++++ GIVEN DATA

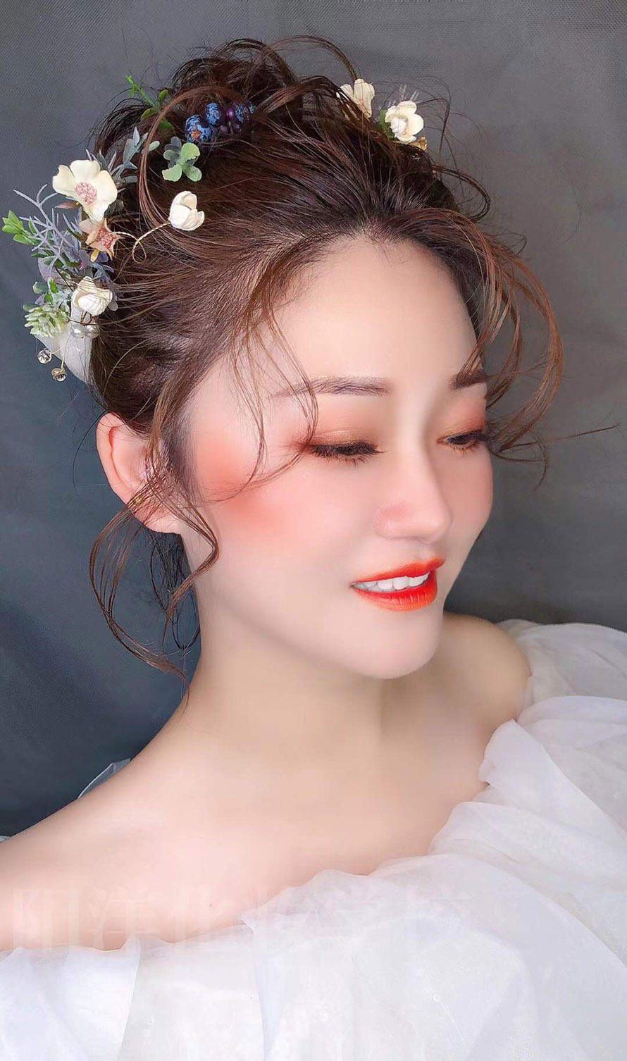手法簡約忌堆疊——整體造型,重在突出新娘柔美的身線和真實、自然的美。做造型時不宜采用過多的造型物品來堆砌,亦不可濃妝艷抹,而應(yīng)理性地采用輕描淡寫的手法,運用較少量的化妝品和柔淡的彩妝色,突顯新娘的自然美。
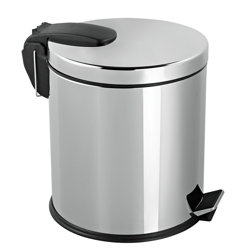 Δοχείο απορριμμάτων από ΙΝΟΧ. Διαθέτει σύστημα ανοίγματος με το πόδι (πεντάλ) και αφαιρούμενο εσωτερικό κάδο με χερολαβή.
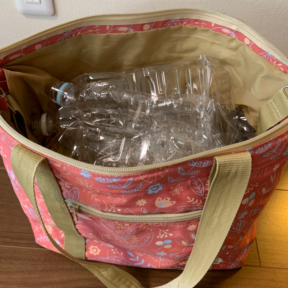 いつもマイバッグでお買い物しています。中には資源回収品として空きペットボトルを入れて店舗に持って行きます
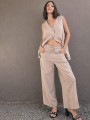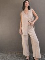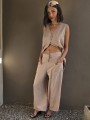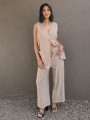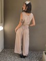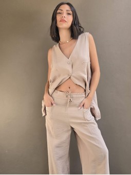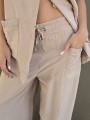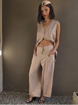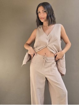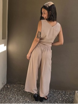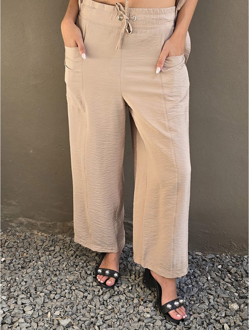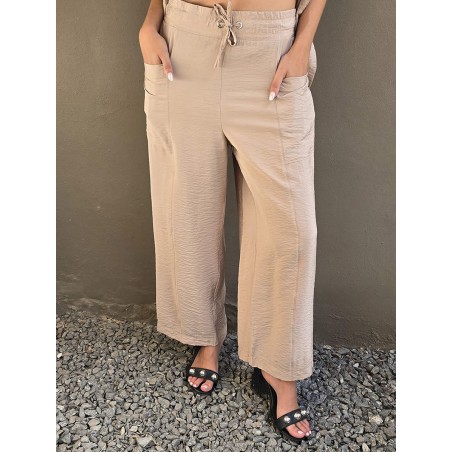 Pantalon pallazo corto (al tobillo) de seda crush, con bolsillos en delantero y cintura posterior elastizada. Cuenta con lazo delantero para regular.
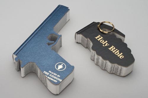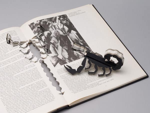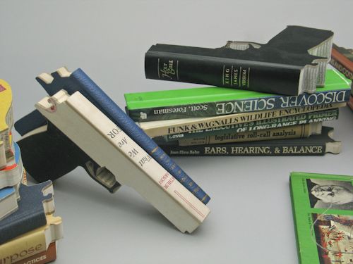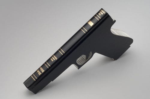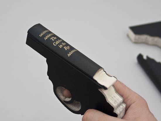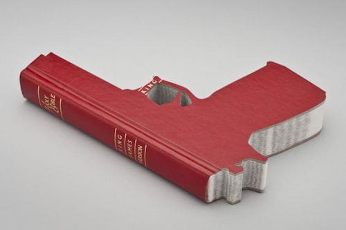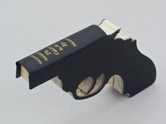 Artist Robert The started making book pieces in 1991; by 2011, he now has an amazing catalog of unique art that is the perfect fit for a man cave. Why settle for wimpy coffee table books when you can have awesome, re-constructable book art that looks like stuff that can kill you? As a guy, you should know that after reading a book and instantly absorbing all useful knowledge, you should do something manly with it, like clubbing a panther to death or propping up the Ferrari you’re working on. Check out a selection of The’s amazing works, or browse his site BookDust, for other less deadly pieces ; click through the jump for more manly adaptations to the simple hardcover novel.
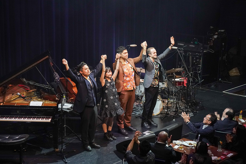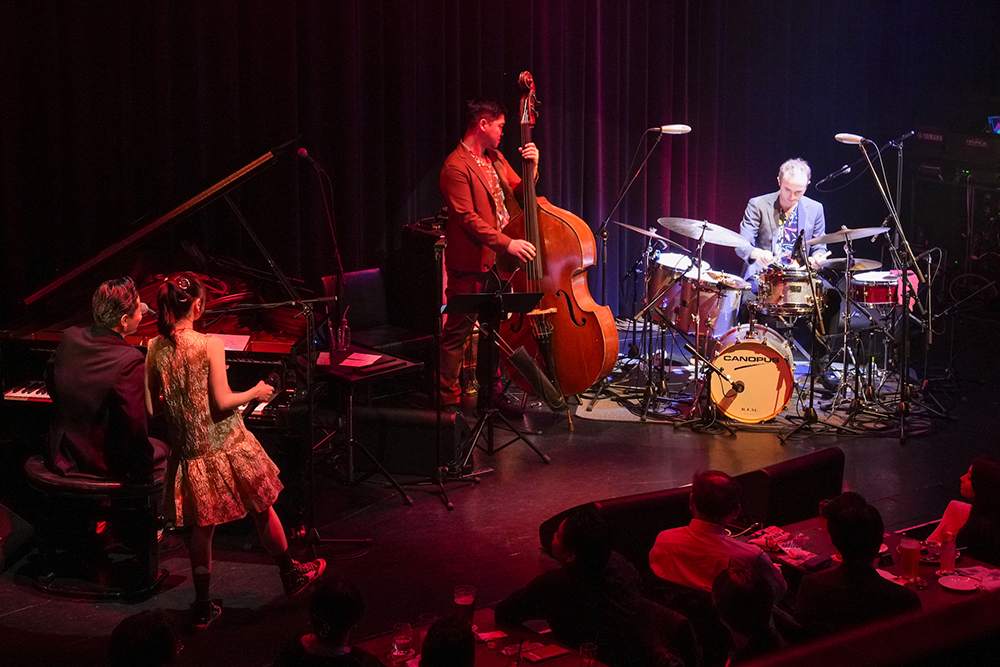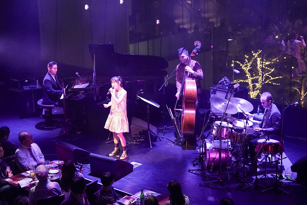 2ndステージでは、ヘリン・メリルの歌唱で知られる「You’d Be So Nice To Come Home To(帰ってくれたら嬉しいわ)」やミュージカルでお馴染みの「Over The Rainbow(虹の彼方に)」、アントニオ・カルロス・ジョビンによるボサノヴァの名曲「Corcovado」(ただ、これも同じくジョビンの「イパネマの娘」じゃなく、「コルコバード」を選ぶところが、有安らしい)など、ジャズに詳しくない人でも耳にしたことのあるスタンダードナンバーを歌唱。時には揺蕩うように、時には情感たっぷりに歌いあげ、自由で緊張感みなぎる<Jazz Note>の世界を最良の形で表現。特に、ピアノとヴォーカルのみの編成だった「Over The Rainbow」は音域の広い曲なのだが、「世界中に届くように歌います」と語った有安が、囁くような歌声から一気に空高くまで舞い上がるダイナミックなヴォーカリゼージョンをみせると観客からはこの日、最大の拍手が送られた。

++++++++

### WHAT IS EXPECTED
Repeat exactly the lines above, starting at the one that contains "Pantalon pallazo corto" and stopping at the last line of the entries, and leave out the pictures.

### COMPLETED EXERCISE
 Pantalon pallazo corto (al tobillo) de seda crush, con bolsillos en delantero y cintura posterior elastizada. Cuenta con lazo delantero para regular.
 Artist Robert The started making book pieces in 1991; by 2011, he now has an amazing catalog of unique art that is the perfect fit for a man cave. Why settle for wimpy coffee table books when you can have awesome, re-constructable book art that looks like stuff that can kill you? As a guy, you should know that after reading a book and instantly absorbing all useful knowledge, you should do something manly with it, like clubbing a panther to death or propping up the Ferrari you’re working on. Check out a selection of The’s amazing works, or browse his site BookDust, for other less deadly pieces ; click through the jump for more manly adaptations to the simple hardcover novel.
 2ndステージでは、ヘリン・メリルの歌唱で知られる「You’d Be So Nice To Come Home To(帰ってくれたら嬉しいわ)」やミュージカルでお馴染みの「Over The Rainbow(虹の彼方に)」、アントニオ・カルロス・ジョビンによるボサノヴァの名曲「Corcovado」(ただ、これも同じくジョビンの「イパネマの娘」じゃなく、「コルコバード」を選ぶところが、有安らしい)など、ジャズに詳しくない人でも耳にしたことのあるスタンダードナンバーを歌唱。時には揺蕩うように、時には情感たっぷりに歌いあげ、自由で緊張感みなぎる<Jazz Note>の世界を最良の形で表現。特に、ピアノとヴォーカルのみの編成だった「Over The Rainbow」は音域の広い曲なのだが、「世界中に届くように歌います」と語った有安が、囁くような歌声から一気に空高くまで舞い上がるダイナミックなヴォーカリゼージョンをみせると観客からはこの日、最大の拍手が送られた。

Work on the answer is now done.